A couple of things about this statue is, one, it's paper mache, and two, it's intended to be out in the sculptor's yard year round. For all those haunters who wonder whether a paper mache prop will hold up to the elements, this should answer that question for you.

Now when I do paper mache, I do the order of protection slightly different than this artist does. She puts spar urethane, which is used to protect boats from water, as the last layer of protection, putting it on after everything is dry and painted; I use it as a first layer. Because I've found spar urethane has a yellowish tint to it I've found it changes the color of my props from what I actually want (though, to be honest, it doesn't seem to have that same effect with this statue; maybe it's the brand I've used perhaps).

Instead, I apply my paper strips, allow it to dry, and then coat them with the urethane. That way I'm protecting the actual paper that's giving the prop its primary shape the initial water protection. I then coat and paint the prop how I want it to look, and as a final layer of protection, coat it with two coats of deck sealer which is clear (though when it gets wet it does give a slight bluish, gray cast to everything, but that disappears when it dries again). I then recoat them every year just as you would a deck or fence.

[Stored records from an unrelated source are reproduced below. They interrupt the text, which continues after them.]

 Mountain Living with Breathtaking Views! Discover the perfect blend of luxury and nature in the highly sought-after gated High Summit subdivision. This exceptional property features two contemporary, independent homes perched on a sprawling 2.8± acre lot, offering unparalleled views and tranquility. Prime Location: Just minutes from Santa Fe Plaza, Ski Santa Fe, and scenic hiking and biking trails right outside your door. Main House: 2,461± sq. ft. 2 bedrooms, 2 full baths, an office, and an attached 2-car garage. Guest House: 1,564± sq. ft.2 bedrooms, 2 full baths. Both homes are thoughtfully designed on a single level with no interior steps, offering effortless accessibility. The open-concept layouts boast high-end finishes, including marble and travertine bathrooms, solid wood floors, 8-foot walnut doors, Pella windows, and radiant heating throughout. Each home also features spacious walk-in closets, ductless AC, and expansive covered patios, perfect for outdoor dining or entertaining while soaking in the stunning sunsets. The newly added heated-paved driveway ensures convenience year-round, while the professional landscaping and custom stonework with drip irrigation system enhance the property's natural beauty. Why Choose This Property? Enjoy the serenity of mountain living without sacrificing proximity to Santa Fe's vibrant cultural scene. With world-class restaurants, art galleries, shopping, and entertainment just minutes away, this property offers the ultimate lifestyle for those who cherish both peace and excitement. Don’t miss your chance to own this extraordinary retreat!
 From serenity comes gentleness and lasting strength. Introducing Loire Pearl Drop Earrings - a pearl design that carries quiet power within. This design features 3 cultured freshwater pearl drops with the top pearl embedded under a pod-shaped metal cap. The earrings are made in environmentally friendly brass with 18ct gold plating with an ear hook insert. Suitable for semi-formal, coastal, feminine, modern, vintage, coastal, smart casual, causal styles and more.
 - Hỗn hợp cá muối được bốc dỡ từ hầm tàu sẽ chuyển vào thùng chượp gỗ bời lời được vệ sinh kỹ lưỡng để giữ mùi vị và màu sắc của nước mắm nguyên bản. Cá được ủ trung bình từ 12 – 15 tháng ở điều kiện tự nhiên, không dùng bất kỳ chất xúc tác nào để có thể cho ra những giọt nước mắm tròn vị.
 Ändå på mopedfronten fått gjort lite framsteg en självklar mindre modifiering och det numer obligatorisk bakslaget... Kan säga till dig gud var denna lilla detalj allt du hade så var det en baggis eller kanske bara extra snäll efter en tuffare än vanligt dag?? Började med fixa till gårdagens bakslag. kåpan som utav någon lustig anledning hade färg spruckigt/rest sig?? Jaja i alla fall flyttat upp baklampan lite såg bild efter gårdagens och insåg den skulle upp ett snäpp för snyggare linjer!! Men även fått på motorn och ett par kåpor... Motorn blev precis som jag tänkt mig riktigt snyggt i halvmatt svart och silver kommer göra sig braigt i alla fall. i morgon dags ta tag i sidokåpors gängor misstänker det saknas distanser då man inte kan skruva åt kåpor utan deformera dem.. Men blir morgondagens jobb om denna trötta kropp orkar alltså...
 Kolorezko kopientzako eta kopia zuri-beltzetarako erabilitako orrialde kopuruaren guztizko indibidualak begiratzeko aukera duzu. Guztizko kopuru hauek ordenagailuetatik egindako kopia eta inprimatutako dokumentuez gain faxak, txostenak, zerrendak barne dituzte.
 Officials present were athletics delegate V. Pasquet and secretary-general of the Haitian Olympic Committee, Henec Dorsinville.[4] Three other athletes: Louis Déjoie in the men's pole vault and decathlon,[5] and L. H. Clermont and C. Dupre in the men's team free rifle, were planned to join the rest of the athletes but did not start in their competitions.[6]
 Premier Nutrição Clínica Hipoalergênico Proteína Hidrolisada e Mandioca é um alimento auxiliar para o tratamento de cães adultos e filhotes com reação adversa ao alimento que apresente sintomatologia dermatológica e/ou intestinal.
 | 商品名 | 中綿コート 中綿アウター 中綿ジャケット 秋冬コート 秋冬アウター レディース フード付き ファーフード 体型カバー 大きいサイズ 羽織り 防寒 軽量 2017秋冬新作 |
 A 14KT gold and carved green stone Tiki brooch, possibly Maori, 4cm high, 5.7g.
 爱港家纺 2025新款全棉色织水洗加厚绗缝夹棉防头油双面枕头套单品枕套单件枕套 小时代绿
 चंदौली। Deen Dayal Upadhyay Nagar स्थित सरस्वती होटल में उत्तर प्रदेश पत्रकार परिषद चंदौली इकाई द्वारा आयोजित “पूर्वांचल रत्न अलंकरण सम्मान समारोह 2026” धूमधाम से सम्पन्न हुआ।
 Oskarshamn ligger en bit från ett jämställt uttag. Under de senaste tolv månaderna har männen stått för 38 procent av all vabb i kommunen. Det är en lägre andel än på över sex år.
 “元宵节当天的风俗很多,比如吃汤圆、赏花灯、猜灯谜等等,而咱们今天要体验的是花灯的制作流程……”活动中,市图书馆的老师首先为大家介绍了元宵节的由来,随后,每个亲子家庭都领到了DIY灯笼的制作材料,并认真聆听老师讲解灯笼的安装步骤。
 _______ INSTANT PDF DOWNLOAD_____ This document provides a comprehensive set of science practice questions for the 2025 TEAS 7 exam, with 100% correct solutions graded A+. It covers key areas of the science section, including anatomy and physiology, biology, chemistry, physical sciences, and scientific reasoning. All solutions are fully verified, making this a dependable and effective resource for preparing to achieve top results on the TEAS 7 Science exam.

Regardless, I think this statue could have infinite possibilities in a haunted yard or cemetery, so I figured I'd share it with the community, even if it's not my own.

Cheers,
Rich


----------



## madmomma (Jul 1, 2009)

Nice job GC! I'm looking to do this with an angel type statue (if I can find one dirt cheap!) Thanks for the tips.


----------



## BillyVanpire (Apr 22, 2015)

that's a pretty crafty way to make a statue, i must say.

thanks for sharing


----------



## Bone Dancer (Oct 7, 2005)

Thanks for sharing the link.


----------